There are a number of limitations to the present results that should be considered. First, we have evaluated only cultures of epithelial cells. While the airway epithelium is typically considered the primary source of respiratory pathology in CF, the typical effector tissue for β2AR-agonists is airway smooth muscle. Recent studies have demonstrated clear evidence of smooth muscle dysfunction in CF, further raising the importance of understanding the relative impact of β2AR stimulation on epithelial versus smooth muscle function in the context of defective and restored CFTR function (58). While our data clearly demonstrate the negative impact of chronic β2AR-agonist exposure on subsequent CFTR activation, they do not fully evaluate possible modifications to the CFTR, such as changes in channel-open probability, plasma membrane recycling rate, or single-channel conductance. Surface biotinylation studies would directly evaluate effects on the apical membrane CFTR pool; however, such studies can be biased by permeable cells (59). The capacity to overcome functional defects with cell-permeant cAMP suggests that these are not operative, but our studies cannot exclude their contribution. Finally, the metabolism and breakdown of albuterol in our cell culture system is likely quite different from that in an intact human airway. Moreover, the cellular response to such exposures may be different in a living, complex organism; as such, the effects of our in vitro studies must be taken with caution when considering the in vivo condition.
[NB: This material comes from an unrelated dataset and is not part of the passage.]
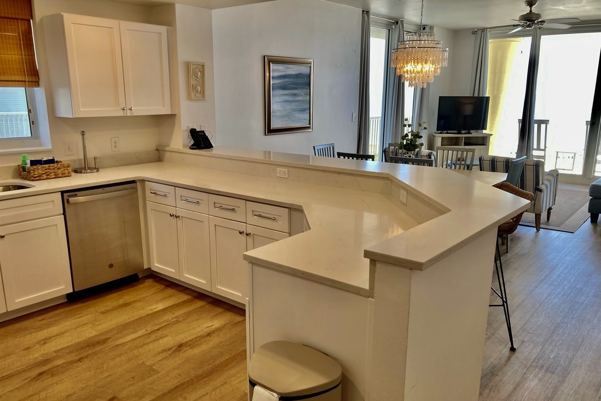 The LIVING ROOM has floor-to-ceiling windows to maximize the gulf views. It is beautifully decorated with comfortable seating, HD tv, and a queen sofa sleeper. The fully stocked KITCHEN has stainless steel appliances and offers a standard coffee maker and a Keurig! There is a pantry and stackable washer and dryer in the kitchen area as well. The MASTER BEDROOM has a king bed, HD tv and an entrance to the gulf front balcony. The large master bath has a walk-in shower and double vanity. BEDROOM 2 has a queen bed, HD tv and a small north facing balcony, and BEDROOM 3 has a full + twin bunk bed and a HD tv. Both guest bedrooms have adjoining bathrooms with a tub/shower combo. In addition to those three bathrooms, there is an additional half bath near the entrance of the condo for guests to use!

In summary, our results are the first to demonstrate clear reduction in wtCFTR and corrected F508del-CFTR activation following chronic exposure to β2AR-agonists. This raises a critical clinical question in CF care, as excessive use of β2AR-agonist therapies may inadvertently reduce the benefit from novel, potentially life-changing CFTR modulator therapies. This effect may also confound ongoing and future clinical trials of CFTR-modulating drugs, complicating interpretation of study results. Moreover, our results may have implications for other airway disease states where CFTR function is reduced (COPD), or where β2AR-agonist use may be excessive (difficult-to-treat asthma). Further understanding the interplay between β2AR-agonists and regulation of airway epithelial ion transport and CFTR will be essential to ensure maximal benefits from CFTR-directed therapies.

Methods

Cell culture.

CFBE41o- cells were originally generated and described by Guenert and colleagues (60, 61). CFBE41o- cells stably transduced with wtCFTR or F508del-CFTR cDNA under regulatory control were the gift of Eric Sorscher at the University of Alabama at Birmingham (62). Cells were grown in T75 flasks (Costar), seeded onto collagen-coated Transwell filters (6.5 mm; Corning, Inc.), and maintained in DMEM containing 10% FBS (Life Technologies). Resistance was monitored using an EVOM2 (World Precision Instruments), and cells were studied when resistance was 500–1,000 Ωcm2. Primary HAECs obtained from the University of North Carolina Airway Cell Core (under the direction of Scott Randell; Chapel Hill, North Carolina) were isolated from donor or recipient lungs that were cryopreserved at passage 1 and cultured as previously described (63). Briefly, HAECs were cultured in Bronchial Epithelial Growth Medium (Lonza) on Purecol-coated tissue-culture dishes (Advanced Biomatrix) until 80%–90% confluent, then passaged and plated onto Transwell-Clear permeable supports (0.4 μm pore size; Corning, Inc.) coated with type IV collagen (Sigma-Aldrich). Cells on permeable supports were cultured with Ultroser G–containing (Crescent Chemical Company) media that was changed daily.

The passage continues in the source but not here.